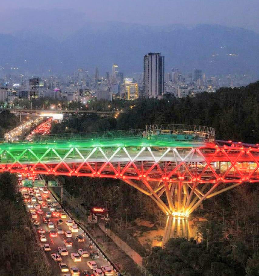 Azadi tower in #Tehran lit up in the colors of the Iranian flag on eve of anniversary of Islamic Revolution victory. pic.twitter.com/zjgZNKFl7u
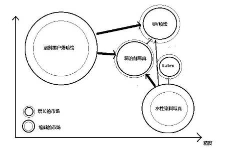 基于UV墨水的平板打印機(jī)市場,噴繪沒有涂層的材料,多種應(yīng)用,以替代傳統(tǒng)絲網(wǎng)印刷為主。
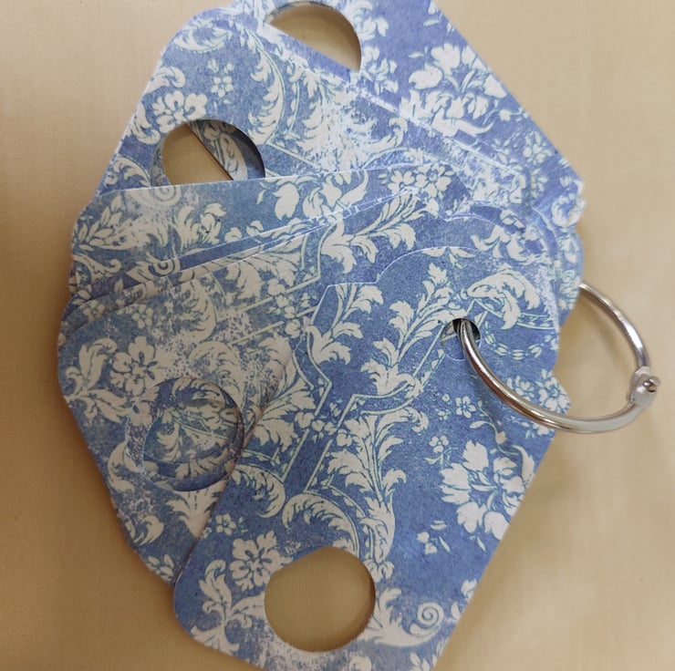 Set of 16 embroidery floss drop organisers. Hand punced from strong 350 gsm card. Secured with a metal ring. Ideal for keeping your current project threads together without becoming tangled. Portable and great for on the go.
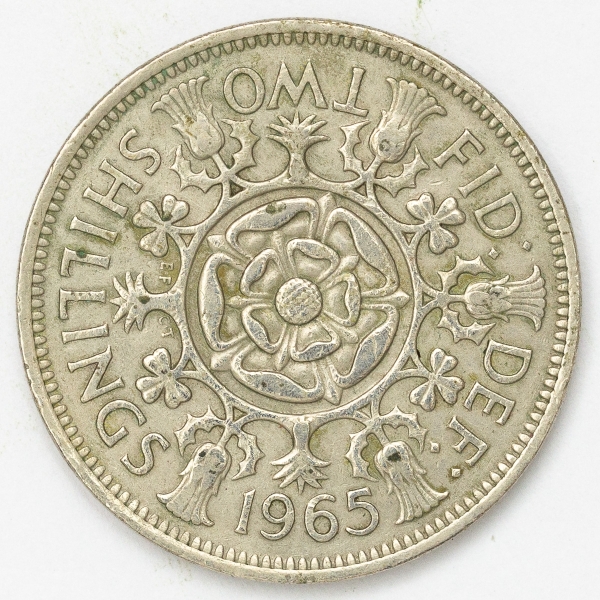 • Numismática, INGLATERRA. Uma Moeda 2 Shillings 1965
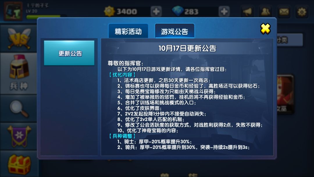 7、修改了公会活跃度的获取方式,对战胜利获得2点,失败不获得
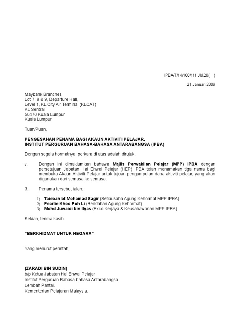Contoh surat sokongan majikan yang menyokong tawaran belajar admin tidak bertanggungjawab atas sebarang kesilapan atau. Contoh surat permohonan sambung belajar kumpulan contoh otosection surat pengesahan pekerja membuka akaun bank pdf. Click to expand document information. Lihat juga contohsokongan dan contoh surat sokongan majikan untuk buka akaun bank permohonan membuka akaun bagi persatuan penduduk taman xxxxx. Setiap jenis surat pelepasan memainkan peranan bagi sesuatu perkara contohnya pelepasan jawatan dari majikan. I m reading surat pengesahan pekerja membuka akaun bank on scribd surat bank reading selain itu pelabur dapat melakukan urusan semakan asb secara online untuk mengetahui baki melihat maklumat penyata akaun asb serta membuat pengeluaran asb.
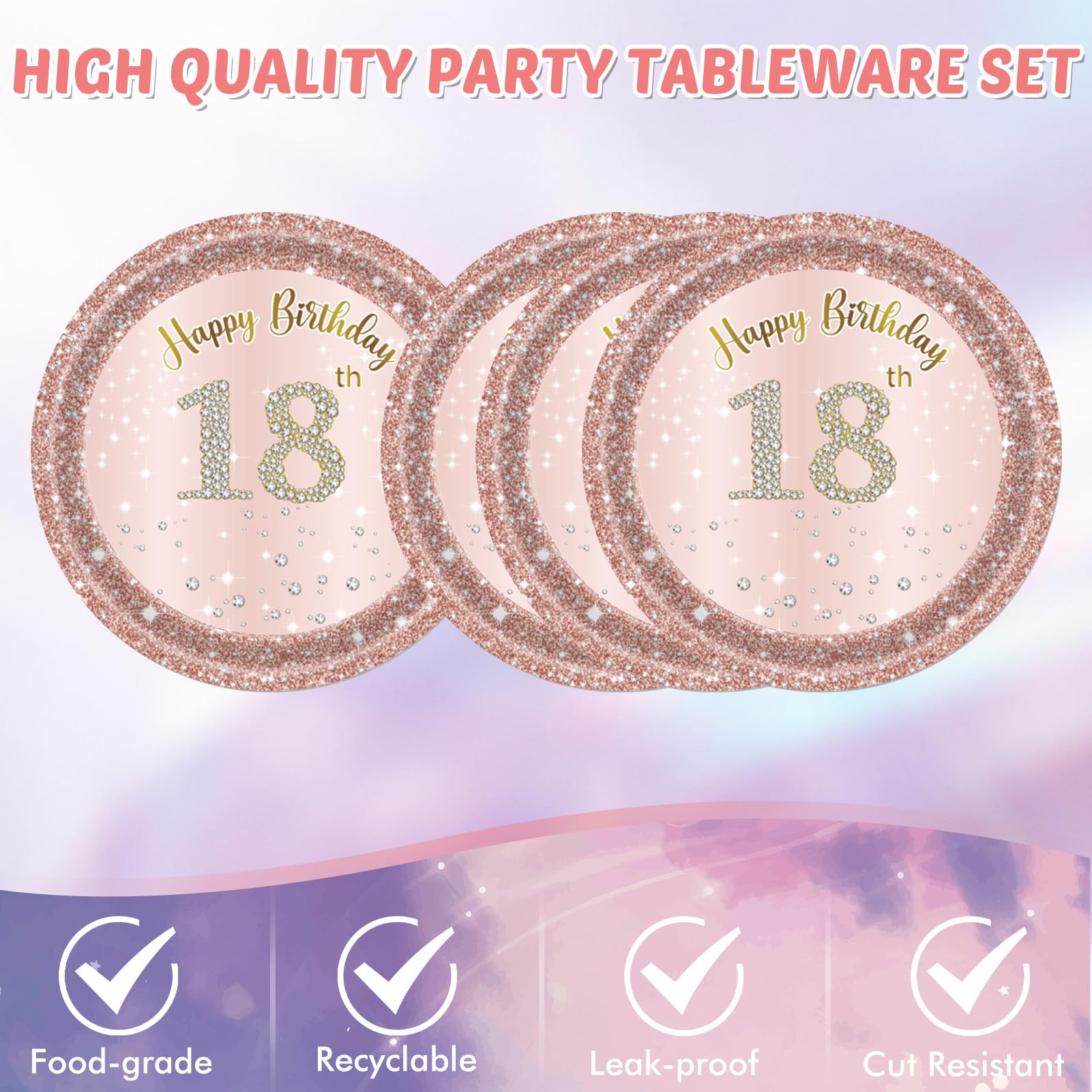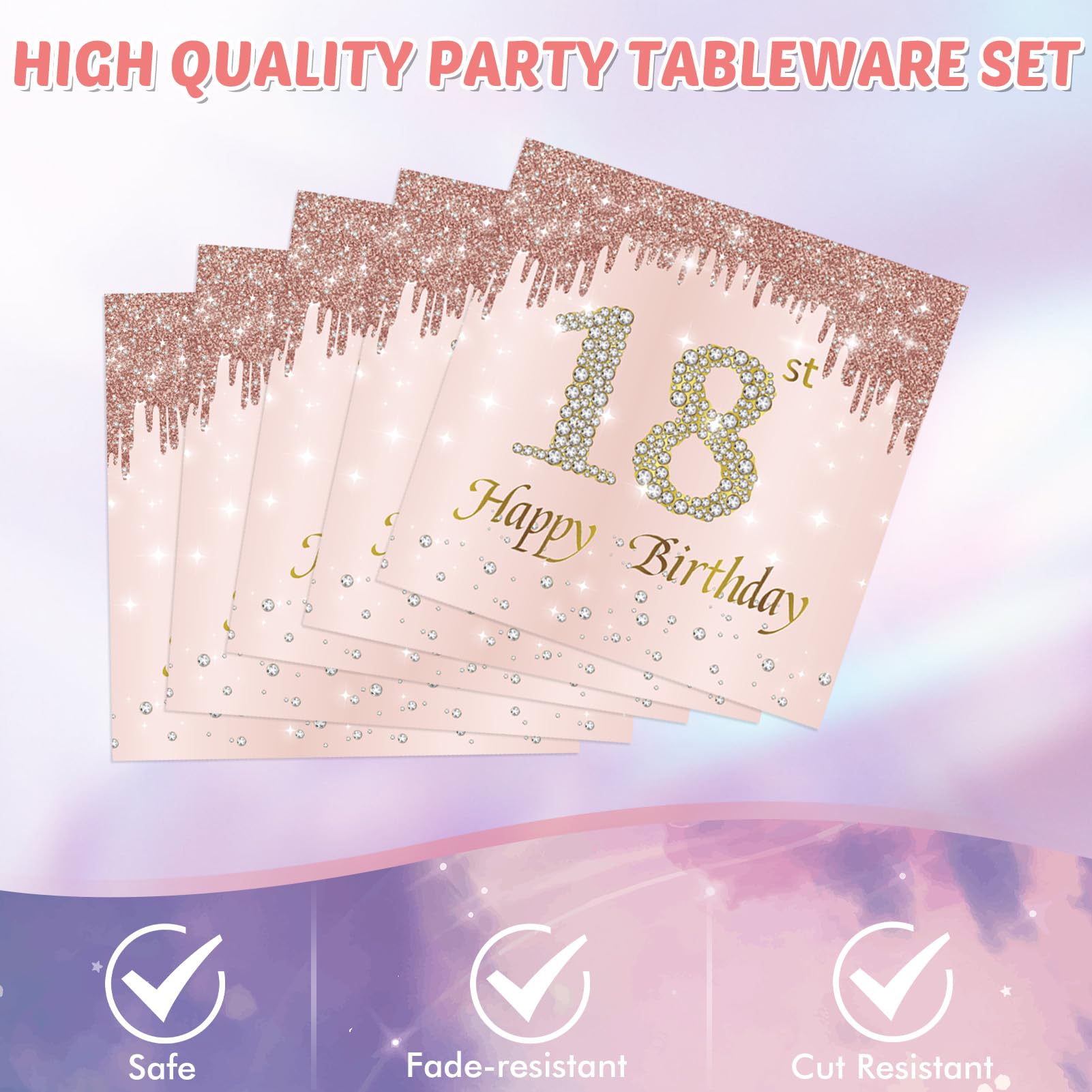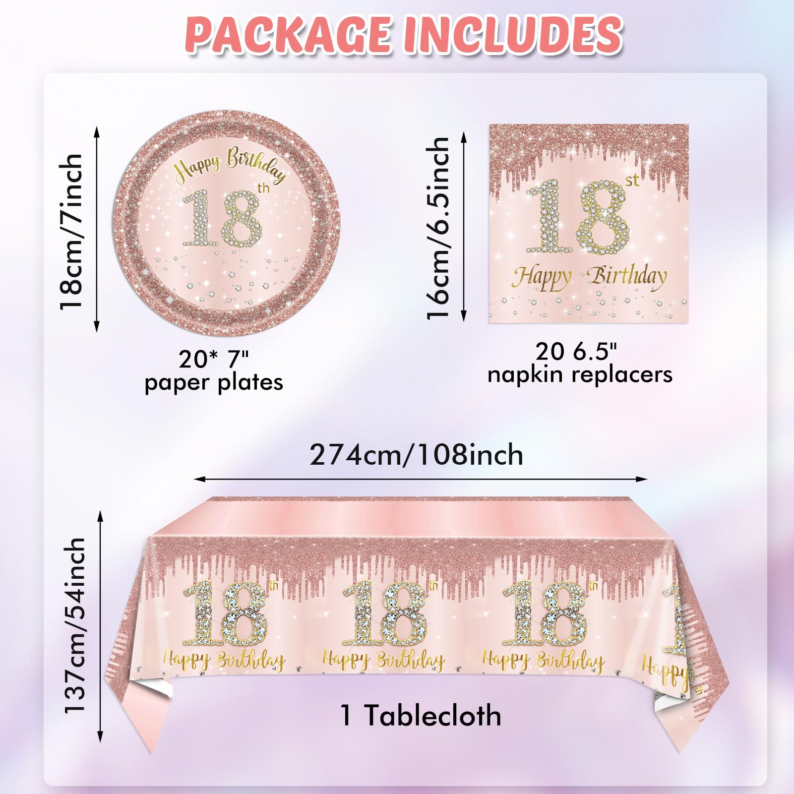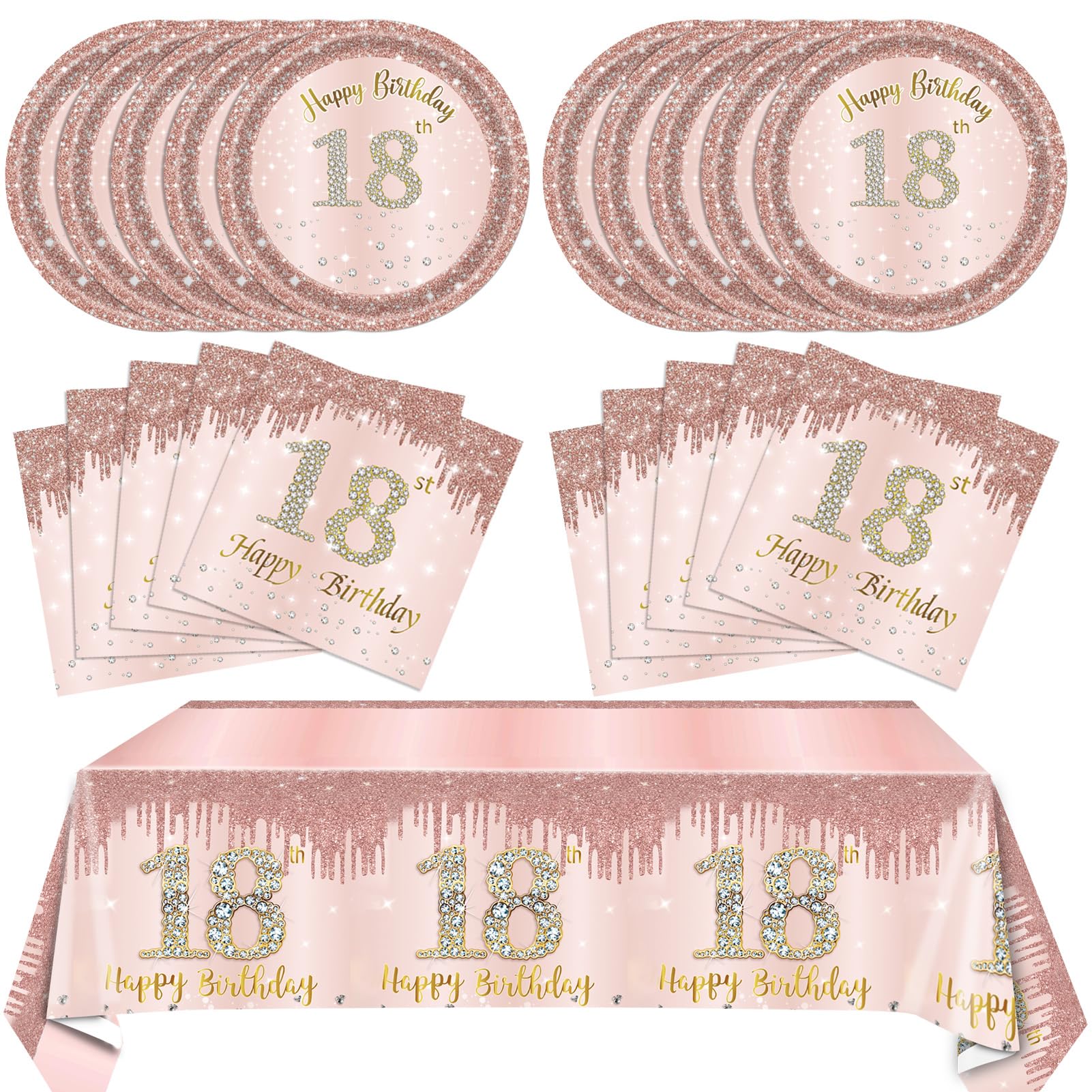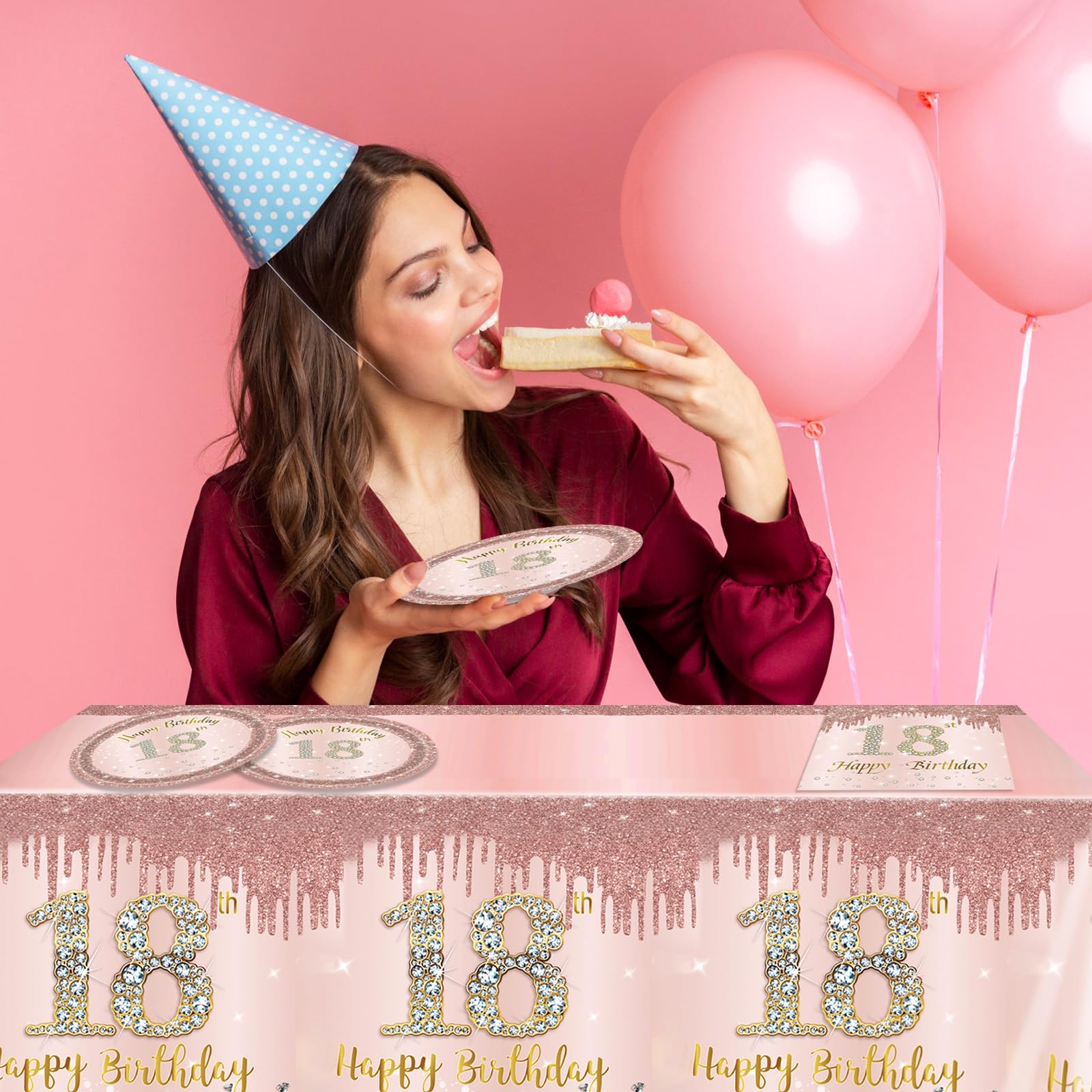 Birthday Decorations: Rose Gold 18th Birthday Decorations includes 20 18th birthday plates, 20 18th birthday napkins and a 18th birthday tablecloth. With 18th birthday party supplies, your party will be unique and impress your guests.

About this task: Without any pictures, output exactly the lines from the start of the material through the line that contains "7、修改了公会活跃度的获取方式,对战胜利获得2点,失败不获得", and only those.

Response to the exercise:
 Azadi tower in #Tehran lit up in the colors of the Iranian flag on eve of anniversary of Islamic Revolution victory. pic.twitter.com/zjgZNKFl7u
 基于UV墨水的平板打印機(jī)市場,噴繪沒有涂層的材料,多種應(yīng)用,以替代傳統(tǒng)絲網(wǎng)印刷為主。
 Set of 16 embroidery floss drop organisers. Hand punced from strong 350 gsm card. Secured with a metal ring. Ideal for keeping your current project threads together without becoming tangled. Portable and great for on the go.
 • Numismática, INGLATERRA. Uma Moeda 2 Shillings 1965
 7、修改了公会活跃度的获取方式,对战胜利获得2点,失败不获得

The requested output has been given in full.